在这方面,日本的实际值得尝试。只有认真观察国民的衣食住行等日常生活,才能充分地理解人类学家的这一论证前提的重要意义,即任何原始部落民族或者处于文明前列的民族都是从日常生活中学会人类的行为的。人们的行为或观点无论多么怪异离奇,但是他们感受或思考的方法不可避免地与其存在具有一定的联系。因此,我自己越是对某种做法感到迷惑不解,越是确信能在日本人的生活中找到这种奇怪现象所产生的共同基础。如果研究导致我的关注点深入到日常琐事中,那就更好了,那里正是人们学习的场所。

As a cultural anthropologist also I started from the premise that the most isolated bits of behavior have some systematic relation to each other. I took seriously the way hundreds of details fall into over-all patterns. A human society must make for itself some design for living. It approves certain ways of meeting situations, certain ways of sizing them up. People in that society regard these solutions as foundations of the universe. They integrate them, no matter what the difficulties.
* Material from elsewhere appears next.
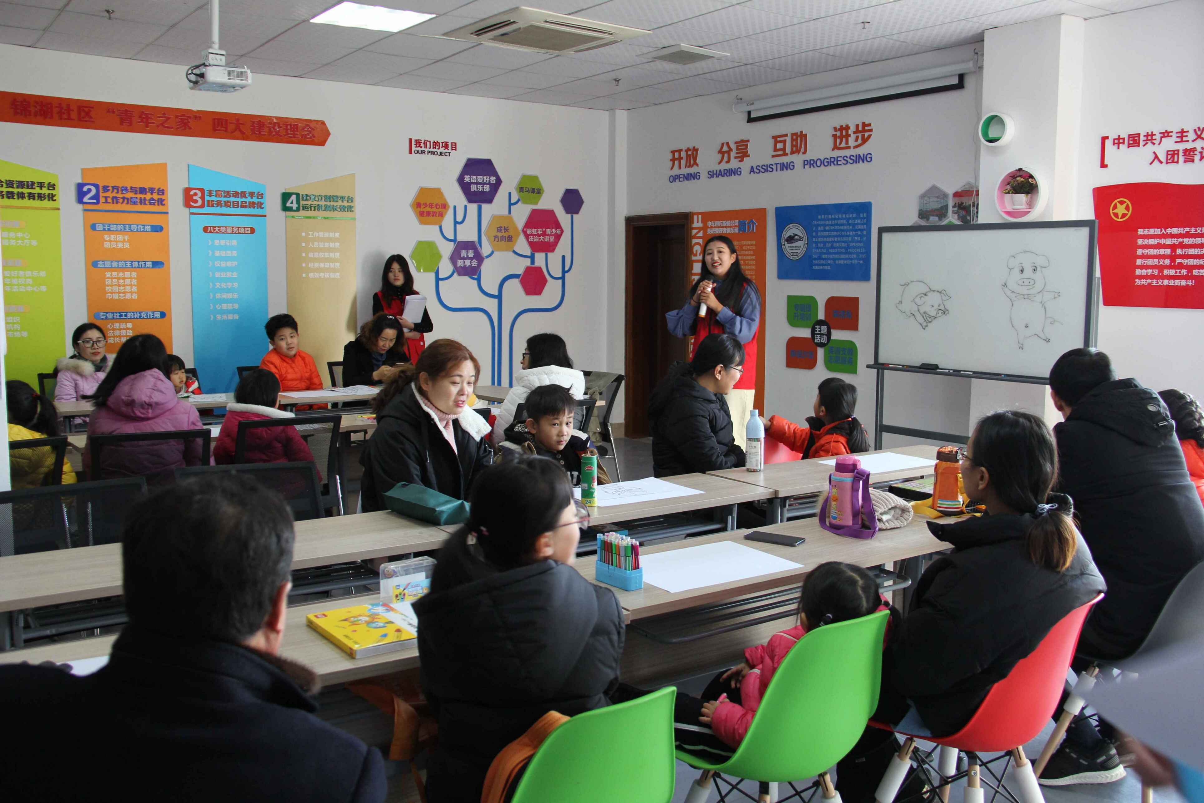 此次活动在锦湖社区的青年之家活动基地开展。志愿者们早早来到了活动场地进行准备,事先做好分工与分组,准备教学用具。本次实践课以春节为主题,引导小朋友思考与春节有关的事物,展开联想和想象,以员工自已动手为主、老师教学为辅的方法,有秩序地进行课堂活动。

Men who have accepted a system of values by which to live cannot without courting inefficiency and chaos keep for long a fenced-off portion of their lives where they think and behave according to a contrary set of values. They try to bring about more conformity. They provide themselves with some common rationale and some common motivations. Some degree of consistency is necessary or the whole scheme falls to pieces.
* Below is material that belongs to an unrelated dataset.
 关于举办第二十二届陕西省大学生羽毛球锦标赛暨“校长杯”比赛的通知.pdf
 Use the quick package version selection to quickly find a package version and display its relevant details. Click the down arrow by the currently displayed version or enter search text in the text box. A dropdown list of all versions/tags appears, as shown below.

此外,作为一个人类学者,我还从这样一个前提出发,即最孤立的行为都与周围环境存在着某种系统联系。我很重视如何把成百种具体现象纳入一个包罗万象的总形态而加以分类。每一种人类社会都必然为它自己创造出某种生活,这种生活在它所面对的环境中选择出一些道路以及估量周围环境的方法,生活在这一社会中的人把这些道路视为他们世界的支柱;他们不顾任何艰难险阻地遵循这条道路。已经选择了一种价值观念作为自己生活准则的人不会容忍他们自己生活中那部分按照相反或者其他价值观念行事所引起的无能与混乱长期存在;他们更情愿顺应现实,他们为自己的行动寻找共同的根据和动机。为了不使整个体系土崩瓦解,一定程度的一贯性是必要的。

Economic behavior, family arrangements, religious rites and political objectives therefore become geared into one another. Changes in one area may occur more rapidly than in others and subject these other areas to great stress, but the stress itself arises from the need for consistency. In preliterate societies committed to the pursuit of power over others, the will to power is expressed in their religious practices no less than in their economic transactions and in their relations with other tribes. In civilized nations which have old written scriptures, the Church necessarily retains the phrases of past centuries, as tribes without written language do not, but it abdicates authority in those fields which would interfere with increasing public approval of economic and political power. The words remain but the meaning is altered. Religious dogmas, economic practices and politics do not stay dammed up in neat separate little ponds but they overflow their supposed boundaries and their waters mingle inextricably one with the other. Because this is always true, the more a student has seemingly scattered his investigation among facts of economics and sex and religion and the care of the baby, the better he can follow what is happening in the society he studies. He can draw up his hypotheses and get his data in any area of life with profit. He can learn to see the demands any nation makes, whether they are phrased in political, economic, or moral terms, as expressions of habits and ways of thinking which are learned in their social experience. This volume therefore is not a book specifically about Japanese religion or economic life or politics or the family. It examines Japanese assumptions about the conduct of life. It describes these assumptions as they have manifested themselves whatever the activity in hand. It is about what makes Japan a nation of Japanese.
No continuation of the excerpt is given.